* **Records to process**
·····

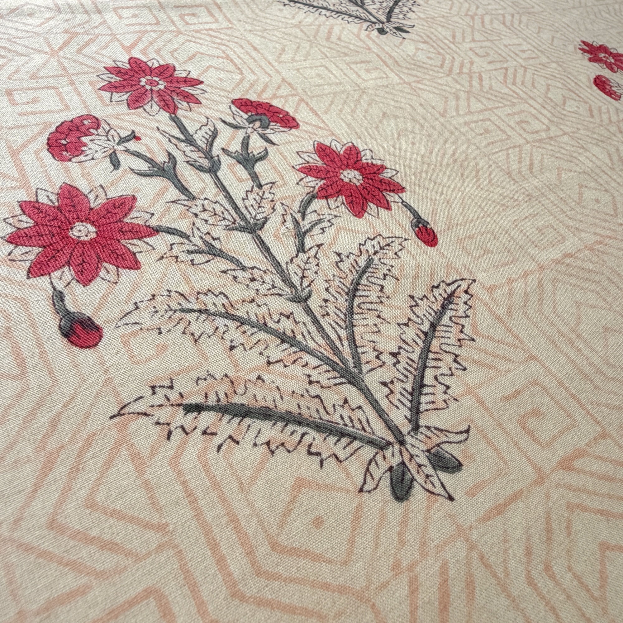 やわらかなベージュに、小さな花のモチーフがぽつぽつと並ぶデザイン。ベースには、うっすらと幾何学模様が広がり、まるで古いタイルや壁画のような雰囲気。
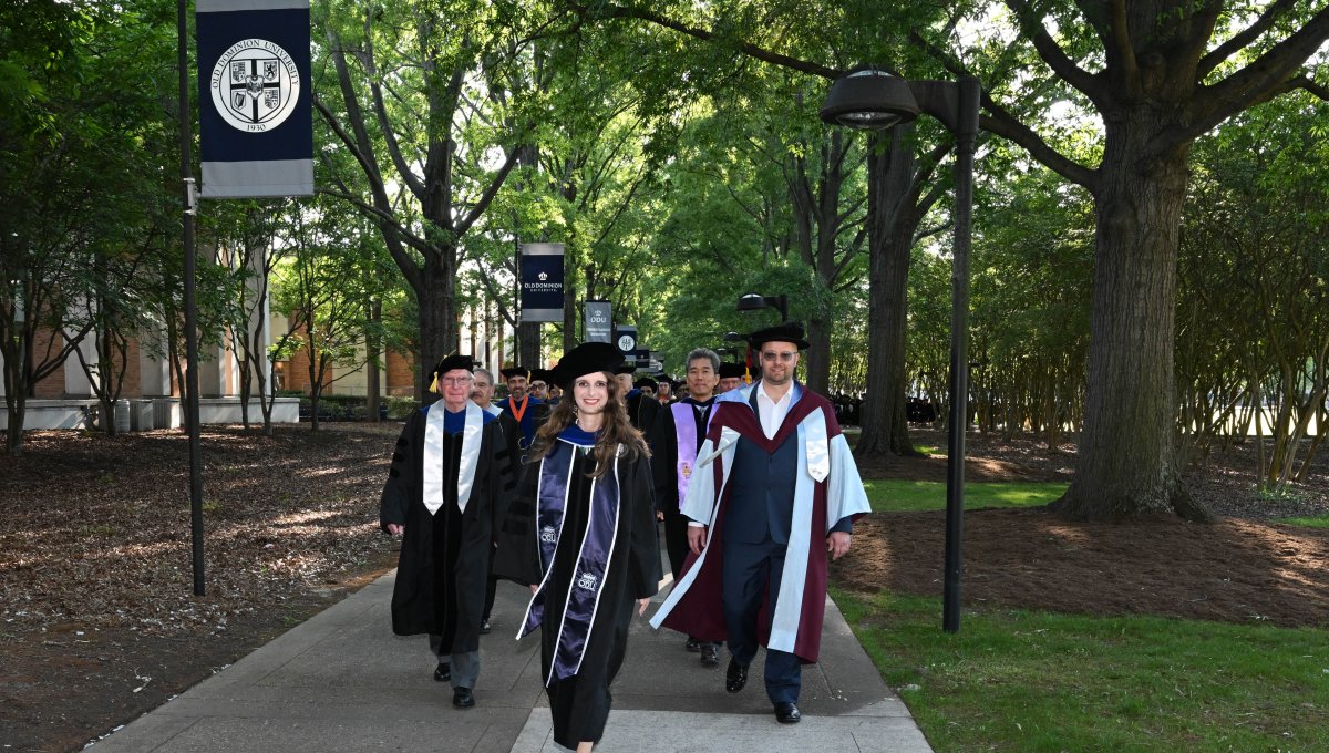 Advanced-degree students process from Kaufman Mall to Chartway Arena. Photo Chuck Thomas/ODU
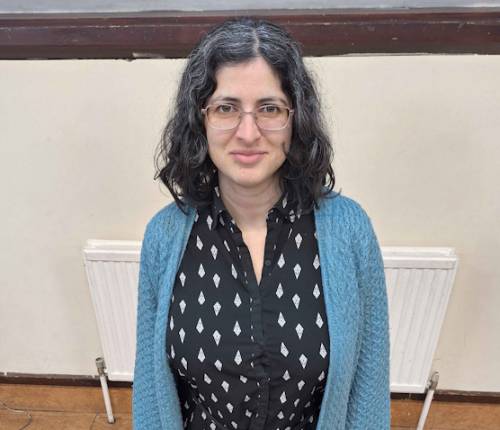 photo of Amy wearing a cyan knitted cardigan open over top of a black button up shirt with a repeating white kite shape pattern
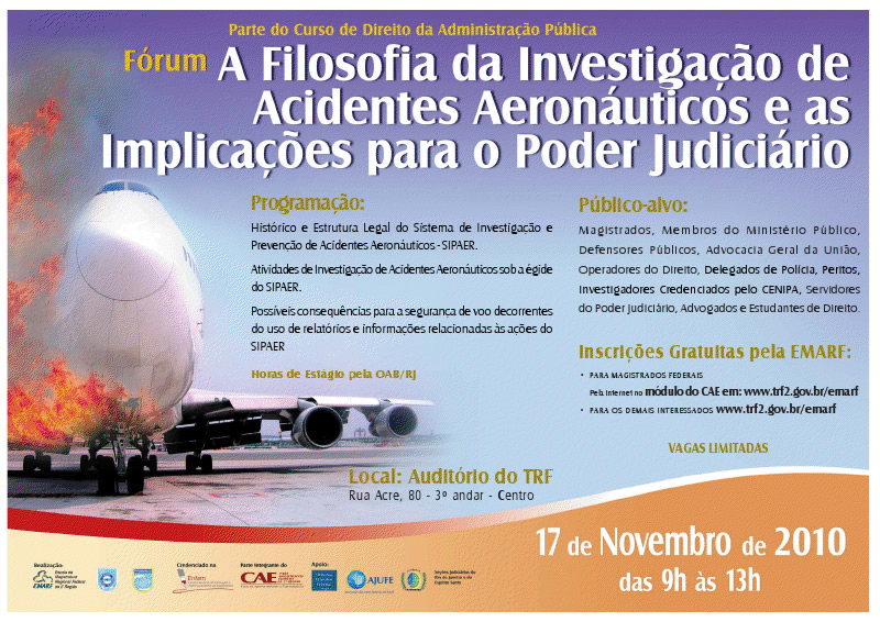No dia 17 de novembro de 2010 o SERIPA III e a EMARF (Escola de Magistratura Regional Federal) realizarão Fórum sobre “A Filosofia da Investigação de Acidentes Aeronáuticos e as Implicações para o Poder Judiciário” que ocorrerá no auditório do TRF, Rua Acre, 80, 3º andar, Centro, Rio de Janeiro, das 09 às 13h.
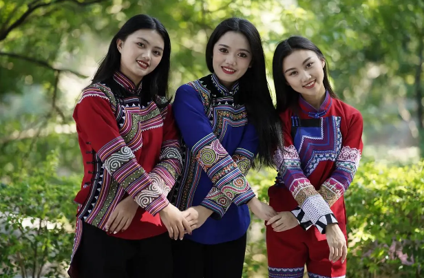 이족은 다양한 색상의 천과 실을 사용하여 복잡한 무늬의 직물을 제작하는 전통 공예를 가지고 있으며, 이는 그들의 문화적 정체성과 독창성을 잘 나타냅니다.
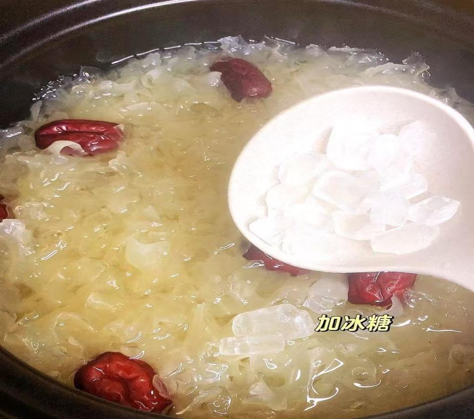 4. 半小时后开始添加冰糖。(甜度根据自己口味)搅拌几分钟。
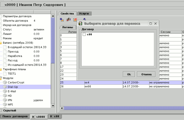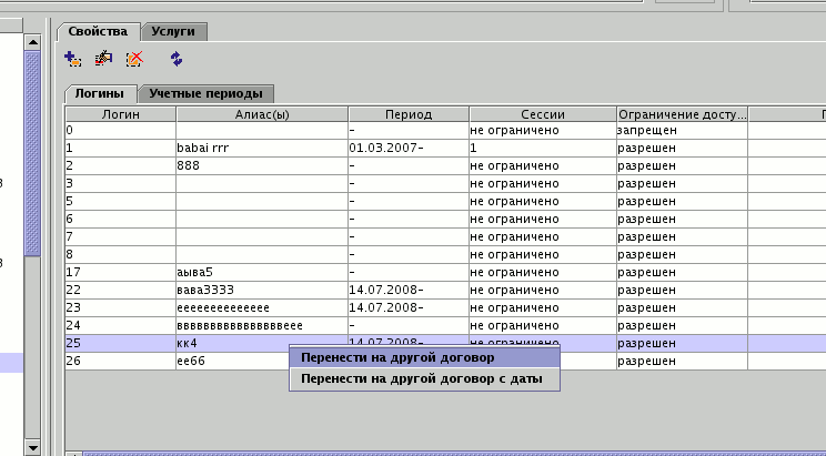Пункт переносит логин из одного договора в другой (карточка должна быть открыта в текущий момент), при этом перемещается и вся наработка по данному логину. При переносе переносится наработка по логину только на период действия логина.
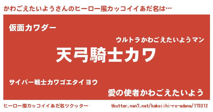 | ポケモン風あだ名 | 『ヒカワゴエタイヨウ』『カーワイ』 |
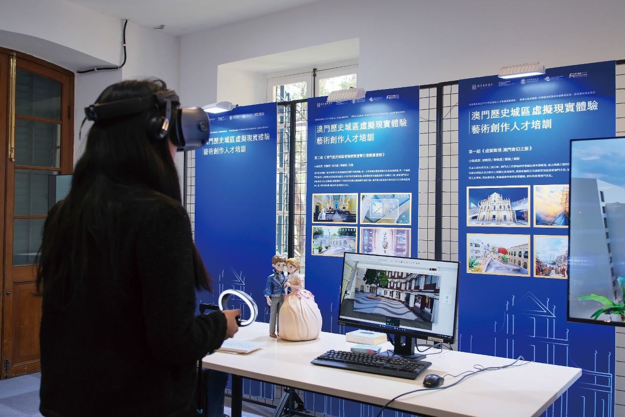 去年,王伯勋带领研究团队推出“澳门历史城区虚拟现实体验艺术创作人才培训”,成为澳城大首个入选国家艺术基金艺术人才培训项目。该项目于2024年7月正式营运,8月即发表初期成果,并于2025年3月顺利结项,举行终期成果展。王伯勋介绍,该项目以“艺术文化重塑澳门形象、虚拟现实赋能永续发展”为核心理念,致力于培育具有全球视野和创新能力的艺术创作人才。他指出,“项目透过科技与艺术的深度融合,集成跨学科优势资源,以创作为载体,实现科技赋能艺术,进一步提升艺术创作的文化内涵与社会价值。”
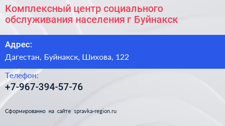 Комплексный центр социального обслуживания населения, г. Буйнакск по адресу Дагестан, Буйнакск, Шихова, 122 в дальнейшем Организация, размещена в следующих категориях:

·····

* **Directions**
The lines from the start of the records above through the line that holds "photo of Amy" are to be copied exactly, both ends included, and no pictures are to be copied.

* **Your response**
 やわらかなベージュに、小さな花のモチーフがぽつぽつと並ぶデザイン。ベースには、うっすらと幾何学模様が広がり、まるで古いタイルや壁画のような雰囲気。
 Advanced-degree students process from Kaufman Mall to Chartway Arena. Photo Chuck Thomas/ODU
 photo of Amy wearing a cyan knitted cardigan open over top of a black button up shirt with a repeating white kite shape pattern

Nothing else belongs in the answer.